Excerpted data:
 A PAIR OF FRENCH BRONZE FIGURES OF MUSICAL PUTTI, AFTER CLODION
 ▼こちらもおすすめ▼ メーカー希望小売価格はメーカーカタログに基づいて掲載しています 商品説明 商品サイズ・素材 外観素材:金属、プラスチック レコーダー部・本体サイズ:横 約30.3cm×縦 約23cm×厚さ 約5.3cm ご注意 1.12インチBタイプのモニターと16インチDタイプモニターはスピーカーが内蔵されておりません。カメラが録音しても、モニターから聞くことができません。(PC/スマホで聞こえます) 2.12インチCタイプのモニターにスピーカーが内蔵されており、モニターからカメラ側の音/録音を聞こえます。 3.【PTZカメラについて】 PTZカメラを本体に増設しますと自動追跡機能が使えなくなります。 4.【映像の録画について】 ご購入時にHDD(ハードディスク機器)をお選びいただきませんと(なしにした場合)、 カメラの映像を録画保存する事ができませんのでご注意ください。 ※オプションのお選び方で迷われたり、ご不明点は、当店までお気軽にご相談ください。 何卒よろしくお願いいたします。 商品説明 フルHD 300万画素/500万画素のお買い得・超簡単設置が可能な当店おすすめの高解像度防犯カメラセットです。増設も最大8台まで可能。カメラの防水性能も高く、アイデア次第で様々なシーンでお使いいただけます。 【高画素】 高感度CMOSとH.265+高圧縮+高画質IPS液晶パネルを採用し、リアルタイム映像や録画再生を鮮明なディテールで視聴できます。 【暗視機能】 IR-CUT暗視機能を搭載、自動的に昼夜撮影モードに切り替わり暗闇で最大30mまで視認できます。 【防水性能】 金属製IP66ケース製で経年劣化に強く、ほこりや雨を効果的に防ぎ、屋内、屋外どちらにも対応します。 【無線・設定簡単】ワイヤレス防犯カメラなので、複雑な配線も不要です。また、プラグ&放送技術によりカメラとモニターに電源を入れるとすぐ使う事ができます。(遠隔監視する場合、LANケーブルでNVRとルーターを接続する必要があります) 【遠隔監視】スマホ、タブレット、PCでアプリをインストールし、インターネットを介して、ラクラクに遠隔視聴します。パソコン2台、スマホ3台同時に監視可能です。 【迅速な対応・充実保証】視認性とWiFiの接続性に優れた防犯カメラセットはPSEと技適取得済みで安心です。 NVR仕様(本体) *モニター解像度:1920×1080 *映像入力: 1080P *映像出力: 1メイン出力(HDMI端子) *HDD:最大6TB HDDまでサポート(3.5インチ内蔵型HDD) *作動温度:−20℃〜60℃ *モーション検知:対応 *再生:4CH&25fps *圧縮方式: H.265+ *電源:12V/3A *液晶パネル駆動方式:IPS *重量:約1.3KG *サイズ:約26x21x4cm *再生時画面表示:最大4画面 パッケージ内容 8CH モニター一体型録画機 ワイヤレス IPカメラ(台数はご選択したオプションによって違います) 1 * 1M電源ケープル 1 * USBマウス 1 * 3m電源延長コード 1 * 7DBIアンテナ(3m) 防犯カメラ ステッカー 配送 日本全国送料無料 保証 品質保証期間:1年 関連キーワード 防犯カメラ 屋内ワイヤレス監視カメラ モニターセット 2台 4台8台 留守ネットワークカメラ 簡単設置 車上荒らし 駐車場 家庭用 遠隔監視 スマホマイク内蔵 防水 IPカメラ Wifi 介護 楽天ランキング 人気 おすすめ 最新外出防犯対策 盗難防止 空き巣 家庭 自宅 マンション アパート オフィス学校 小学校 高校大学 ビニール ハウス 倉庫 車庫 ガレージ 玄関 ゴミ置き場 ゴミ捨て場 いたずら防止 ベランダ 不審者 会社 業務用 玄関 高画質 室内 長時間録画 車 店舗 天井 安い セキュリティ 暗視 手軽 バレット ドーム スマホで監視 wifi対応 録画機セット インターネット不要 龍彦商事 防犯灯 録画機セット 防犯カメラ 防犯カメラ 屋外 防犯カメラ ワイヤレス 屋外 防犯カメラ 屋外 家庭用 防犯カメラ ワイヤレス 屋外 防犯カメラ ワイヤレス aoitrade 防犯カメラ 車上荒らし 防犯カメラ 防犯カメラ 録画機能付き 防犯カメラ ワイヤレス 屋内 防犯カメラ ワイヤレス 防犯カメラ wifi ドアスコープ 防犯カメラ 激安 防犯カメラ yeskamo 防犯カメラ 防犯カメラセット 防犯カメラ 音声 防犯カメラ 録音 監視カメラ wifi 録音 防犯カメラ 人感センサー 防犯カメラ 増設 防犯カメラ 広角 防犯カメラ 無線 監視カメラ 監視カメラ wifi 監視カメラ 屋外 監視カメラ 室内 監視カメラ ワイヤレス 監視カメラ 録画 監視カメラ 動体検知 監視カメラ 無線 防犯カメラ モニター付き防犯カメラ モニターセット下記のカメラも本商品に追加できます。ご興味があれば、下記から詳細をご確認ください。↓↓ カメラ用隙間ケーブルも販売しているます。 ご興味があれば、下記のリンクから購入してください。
--
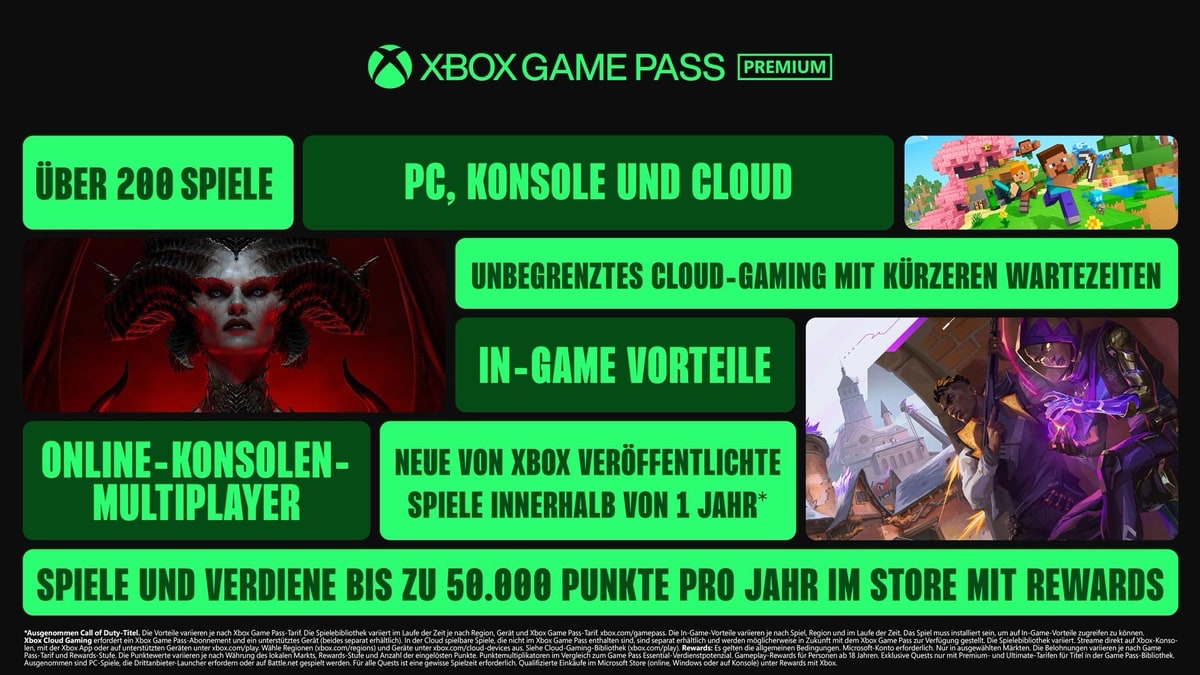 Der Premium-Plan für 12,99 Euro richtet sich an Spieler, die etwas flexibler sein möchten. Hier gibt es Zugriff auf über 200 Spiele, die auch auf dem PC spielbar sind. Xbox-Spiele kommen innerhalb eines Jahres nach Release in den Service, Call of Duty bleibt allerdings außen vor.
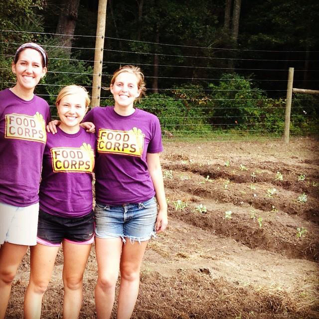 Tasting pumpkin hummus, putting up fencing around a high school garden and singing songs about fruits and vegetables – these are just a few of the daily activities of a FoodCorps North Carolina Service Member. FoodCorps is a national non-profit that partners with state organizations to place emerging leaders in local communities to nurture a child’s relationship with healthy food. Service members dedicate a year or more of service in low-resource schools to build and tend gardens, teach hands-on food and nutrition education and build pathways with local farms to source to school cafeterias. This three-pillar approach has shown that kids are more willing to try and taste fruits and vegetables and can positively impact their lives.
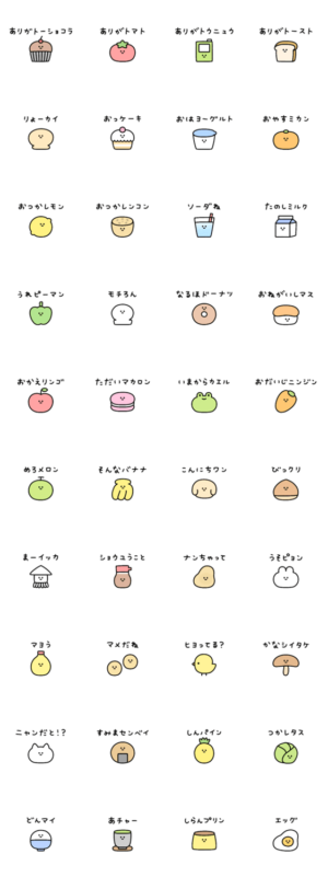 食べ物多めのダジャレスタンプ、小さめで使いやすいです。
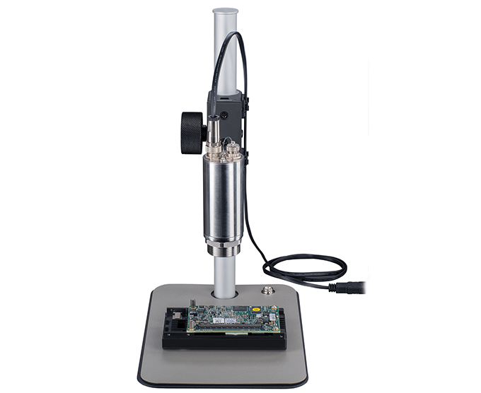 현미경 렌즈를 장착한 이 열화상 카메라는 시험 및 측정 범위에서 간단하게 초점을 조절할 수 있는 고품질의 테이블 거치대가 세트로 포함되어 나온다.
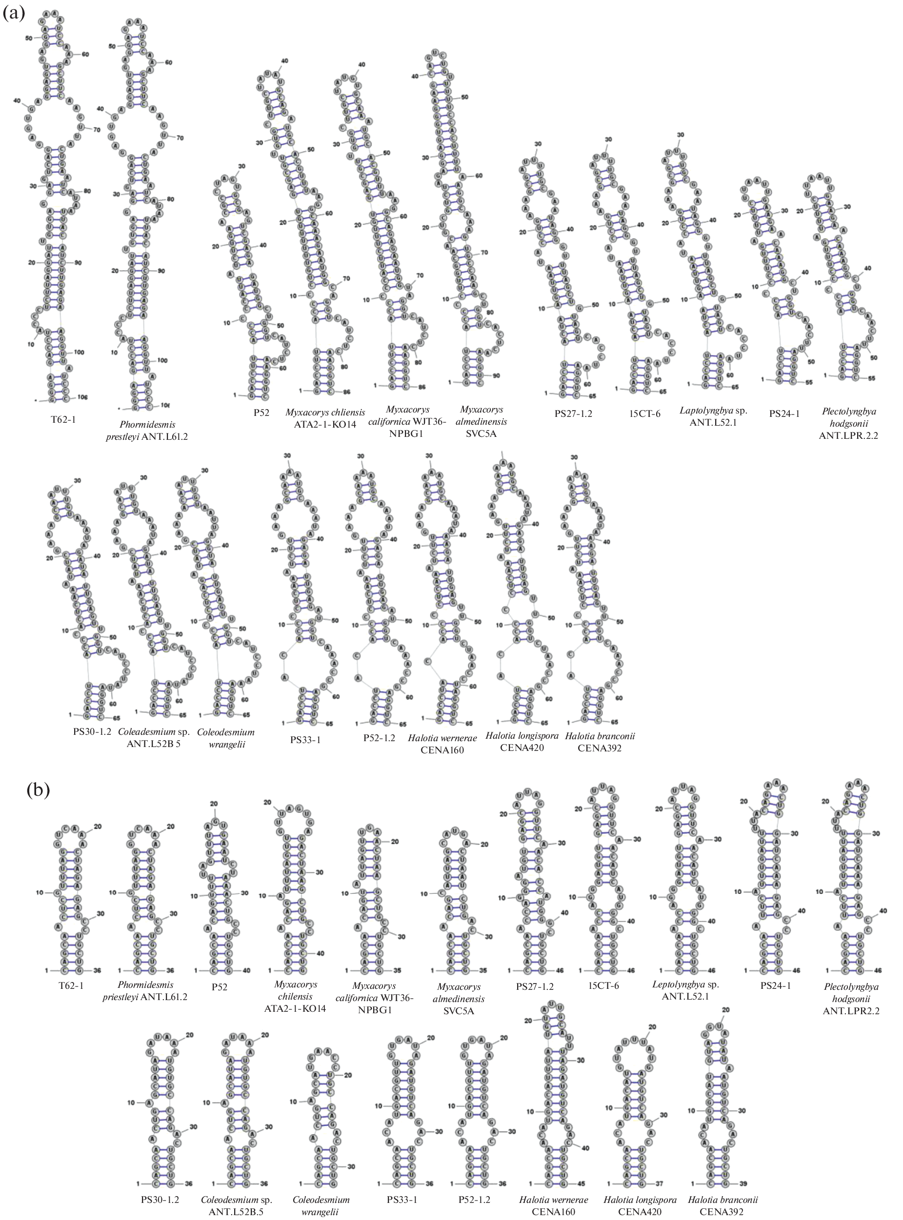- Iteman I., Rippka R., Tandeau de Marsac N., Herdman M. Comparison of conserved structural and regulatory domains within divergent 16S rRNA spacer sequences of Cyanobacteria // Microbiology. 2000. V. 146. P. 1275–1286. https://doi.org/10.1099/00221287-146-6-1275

Problem: Output only the lines above from the one containing "食べ物多めのダジャレスタンプ、小さめで使いやすいです。" to the one containing "- Iteman I., Rippka", both included, exactly as written and with no pictures.

Exercise result:
 食べ物多めのダジャレスタンプ、小さめで使いやすいです。
 현미경 렌즈를 장착한 이 열화상 카메라는 시험 및 측정 범위에서 간단하게 초점을 조절할 수 있는 고품질의 테이블 거치대가 세트로 포함되어 나온다.
- Iteman I., Rippka R., Tandeau de Marsac N., Herdman M. Comparison of conserved structural and regulatory domains within divergent 16S rRNA spacer sequences of Cyanobacteria // Microbiology. 2000. V. 146. P. 1275–1286. https://doi.org/10.1099/00221287-146-6-1275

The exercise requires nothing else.